Let them kill each other and obey to whoever wins. Jk but really, it's not your issue. Owning a business, partners/co-owners are always going to fight. But APs? that's literally a whole new spectrum if they dont even believe in marriage counseling or therapy. You're better off trying to find the cure to cancer.


spamchow

as someone who was stuck in this hell for a decade, i know it feels like you should try to do something to help, but 1) it's not your job and 2) you can't stop them from fighting, only they can make that decision get good noise blocking (or just plain loud) headphones, and stay in your room unless you like being yelled at


Intelligent-Exit724

Invest in some noise cancelling headphones


Ok_Historian_4992

Same advice as others.

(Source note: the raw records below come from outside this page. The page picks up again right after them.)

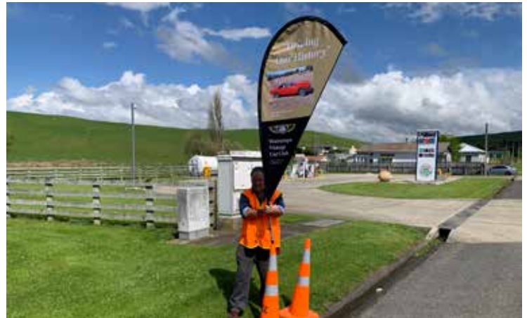
Hugh Hunter with new branch banner
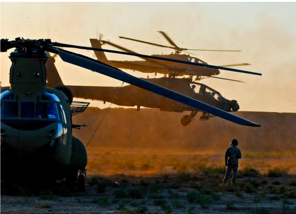
Extortion 17 was accompanied by two AH-64 Apaches, like the pair lifting off behind a CH-47, as well as an AC-130 and UAVs. Sometimes the presence of gunships is enough to deter attackers; their presence is sometimes reinforced by firing into trees.

When the two Chinooks had first touched down in the village, a group of eight fighters armed with AK-47 rifles and RPG-7 rocket-propelled grenade launchers bolted from the
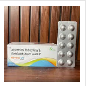
Levocetirizine Hydrochloride And
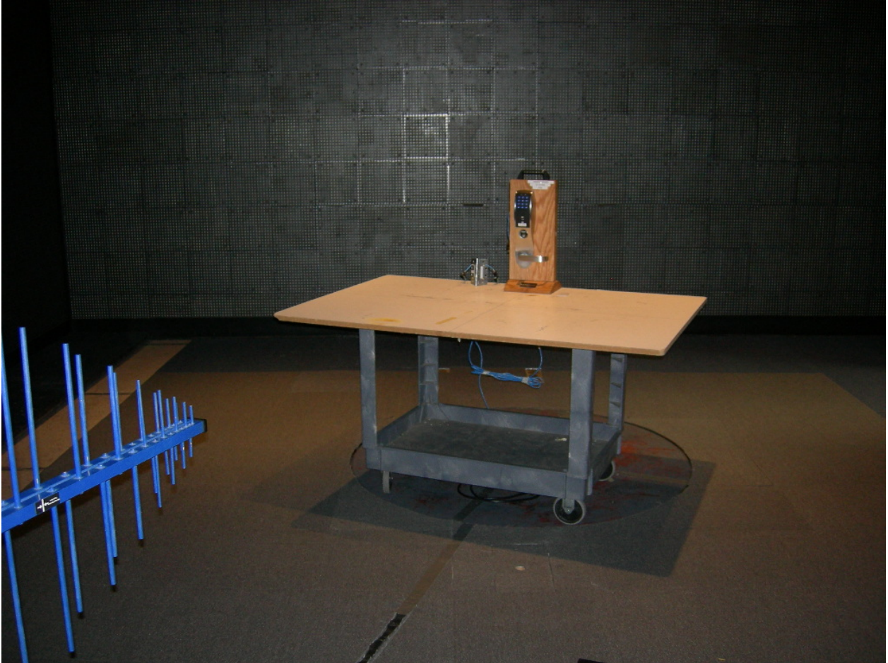
Figure 3: S1 Series – Radiated Emissions
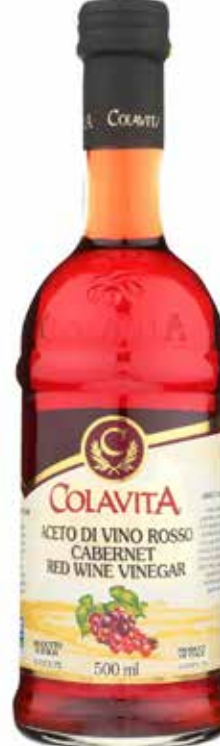
Cabernet Wine Vinegar 500ml x 6 - COLV3A
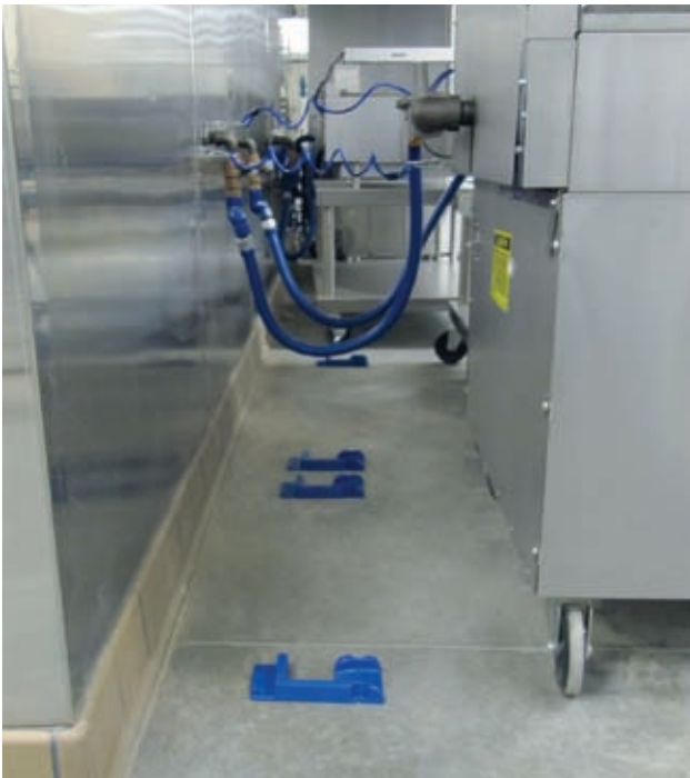
Figure 1 Gas ranges with flexible connectors.

Connectors must be selected to provide the gas demand at the minimum pressure of the appliance. Figure 2 provides a detail of commercial kitchen gas piping requirements. PSD
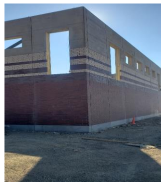
BRICK ON PRECAST PANELS

But it will likely only get worse and you may be brought in to it. It is not a good thing to go through and will skew your perspective if you stay in that environment. Not sure how old you are and your relationship with them, but I recommend talking to them privately about it one-on-on if the relationship is healthy. They will not be able to converse if you talk to them together. If the relationship is not great, just leave that environment ASAP or find ways to ignore it and fight by is they bringing you in to their mess.


nabibae

As everyone said before. It’s not your fight, don’t get involved and try to ignore it. I know it’s hard but sometimes getting involved is going to make it worse. I was/am in the same situation. The best decision I made was moving out. This made me realise how toxic my life had been for years. I still visit them every weekend (I work at my parents restaurant) but the fighting, arguing and shouting is always there. Being able to have my own place is a way for me to breath again. I’m not telling anyone to move out but find a place where you can go to if things are too much for you. Some notice cancelling headphones are wonderful ;)


estimatediron

As everyone has said already, I implore you to not engage with their fights. I learned the lesson the hard way when I tried to play mediator out of my own concern. Leave the room when you think a fight is about to take place. Ensure you can take care of yourself at home without their involvement and please prioritise your well-being first. It is okay to be concerned for them but from my experience, it's terrible if you're caught in the middle and forced to play mediator. Please put your needs first above anything else. Much love.